38-Father, drink, swim...

522 61 60
                                    

280723

apocalypse -Ciggarets After Sex

Evin içerisine çantalarını bırakıp arka bahçeye çıktılar. Babası onlara oturmalarını söyleyip içeri girmişti. Çok tatlı bir yerdi, deniz kıyısındaydı. Fazla büyük olmayan dikdörtgen bir masa vardı bahçenin kenarında. Jae ve Minho da uzun kenarına oturmuştu. Babası içeriden elinde bir tepsiyle geldi. Hava kararmıştı hafiften.

Tepsiyi masanın ortasına bıraktı, "Etler geldi!" dedi ve sandalyelerden birine oturdu. Jae etlere baktı, "Çok güzel duruyor, ellerinize sağlık!" dedi. Adam gülümsedi, "Güzelce ye kızım." dedi. Jae gülümserken adam etlerden bir tane kızın tabağına koydu. Minho 'hah'ladı, "Baba, ben senin çocuğunun o değil!"

Jae güldü. Adam Minho'nun tabağına da bir et koydu. "Al oğlum sende ye." dedi. Minho tatmin olmuş bir şekilde gülümsedi, tabağına dönüp yemeğe başladı.

Adam sandalyesinin yanındaki sehpadaki poşeti açtı, içerisinden bir şişe soju çıkardı. "Soju?" diyip kendi bardağına doldurdu. Minho kendi bardağını babasına uzattı, babası onun bardağını doldururken "Jae, sen içmeyecek misin?" diye sordu. Jae kafasını iki yana salladı, "Yok, teşekkür ederim. Ben içmeyi pek sevmiyorum." dedi.

Adam 'sen bilirsin' dercesine baktı. Minho ile bardaklarını tıklatıp kafalarına diktiler. Adam bardağı bırakıp yemeğe dönerken sordu: "Eee, anlatın bakalım nasıl tanıştınız?"

Minho o günü hatırlayınca Jae'ye bakıp gülümsedi. Babasına döndü, "Geçen sene, yeni okulda ilk günümde; sıra arkadaşı olmuştuk. Çok çekinmişti benden," kıkırdayarak Jae'ye bir bakış attı. "Sonraki gün ona arkadaş olmayı teklif ettim. Duygularım olduğunu fark etmemiştim, sebepsizce ona yaklaşıyordum."
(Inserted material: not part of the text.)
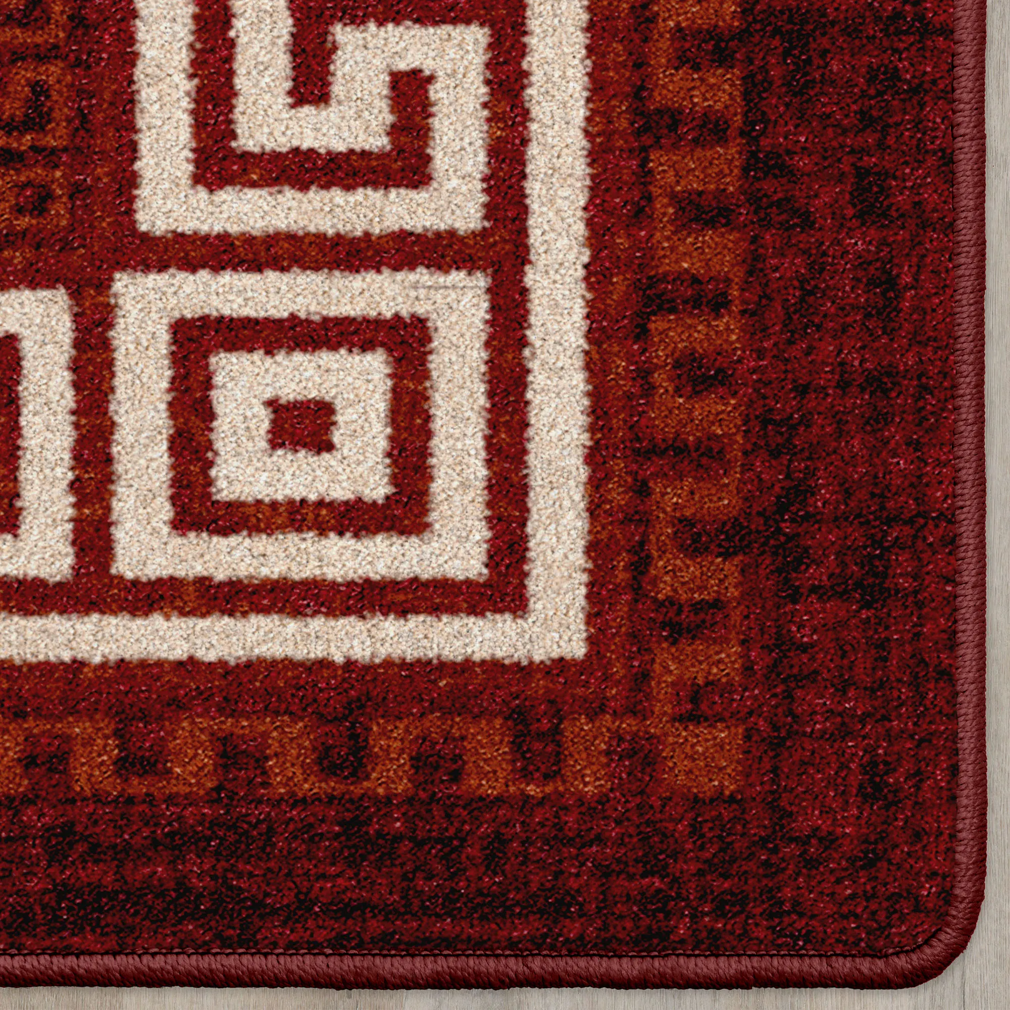 Andros Dark Red Stain Resistant Greek Key Border Area Rugs
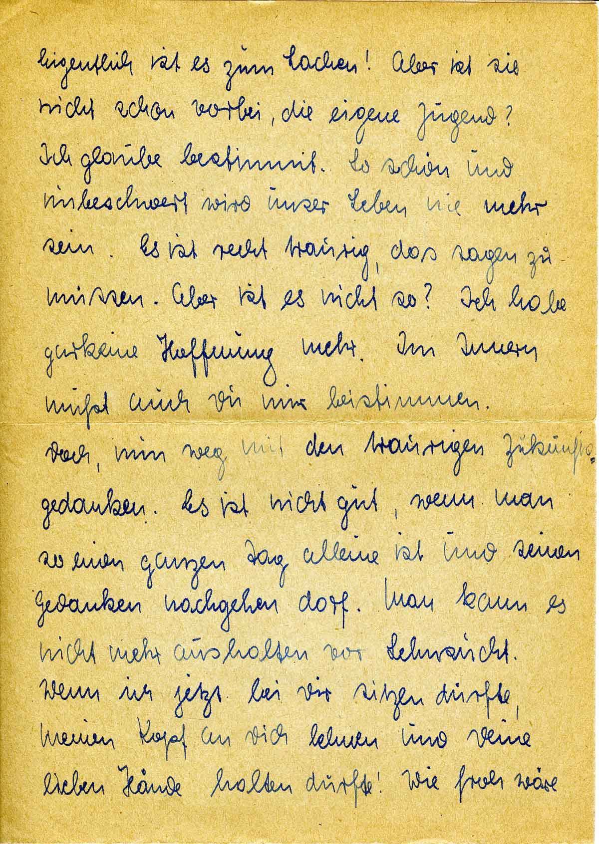 ich. Wann wird diese Qual einmal ein Ende nehmen? Wird sie überhaupt mal enden! Ach, Adschki Liebster, ich habe Dich so lieb, so schrecklich lieb! Dich zu verlieren, bedeutete für mich den Tod. Ich könnte garkeinen Menschen mehr lieben als Dich, dann müßte ich verbrennen. So heiß ist meine Liebe zu Dir. Hast mich auch lieb? Natürlich, dumme Frage! Aus jedem Deiner lieben Briefe fühle ich das heraus. Nur fragen muß ich immer und immer wieder könnt’ ich’s hören. Jetzt wirst Du mich vielleicht auslachen und sagen, was hat mein Mädchen heute doch für Anwandlungen! Ach Adi, ich bin doch so schrecklich unglücklich! Kannst Du das denn nicht verstehen?

"Wuhuu, ilk görüşte aşk diyorsun." dedi babası, onunla arkadaşı gibi konuşması çok hoştu.

"Yaklaşık bir ay sonra, en yakın arkadaşı aradı. 'Sen aşıksın, Jae'ye. O senden hoşlanıyor.' falan dedi." Minho bir anlığına sustuğunda sevgilisine dönüp baktı, şaşırmıştı. "Bir dakika, Chan sana söylemiş miydi?!" dedi, haberi yoktu. Minho kafasıyla onayladı onu. Jae 'hah'ladı, "Vay şerefs-" derken Minho'nun babasının da yanlarında olduğunu hatırlayıp yalandan öksürdü. Hafifçe kafası eğip düzeldi, "Affedersiniz." dedi.

Adam ona gülerek cevap verdi, "Merak etme, kızım. Sorun olmaz." dedi. Jae rezil olduğunu düşünerek yemeğine gömülmüştü.

"Ailen nasıl, bir ara onlarla da tanışmak isterim." dedi adam. Jae kafasını ona çevirdi, Minho endişeli bakışları yolladı kıza. "Onlar ben küçükken vefat etmiş." diye açıkladı kız. En azından abisini bulmuştu. Adam buruk bir şekilde gülümsedi, "Artık bir baban var." dedi. Jae gülümsedi, "Teşekkür ederim." diye mırıldandı. Masadaki telefonuna baktı, bir sürü mesaj ve iki cevapsız arama vardı. Telefonu eline aldığında tekrar bir arama düştü. Minho'ya bakıp "Abim," dedi. Adama döndü, "İzninizle." diyip masadan kalktı.

Bahçenin biraz uzağına gidip aramayı açtı. "Alo?" dedi gülümseyerek. "Jae ödümü kopardın! Mesaj atıyorum bakmıyorsun, arıyorum açmıyorsun. Ödüm koptu, daha seni yeni bulmuşken..." abisinin hızla konuşmaya başlamasıyla kıkırdadı. Seni merak eden bir aile ferdinin olması çok güzel bir histi. "Affedersin, telefon sessizdeydi."

Abisi bir oh çekti, "Bir dahakine titreşim moduna al. Neyse evde değilsiniz sanırım, zili çaldım bir kaç kere açmadınız." dedi. Jae nasıl açıklayacaktı ki durumu. "Biz, şeydeyiz, Jeju'da. Minho babasıyla tanıştırmak için getirdi." dedi.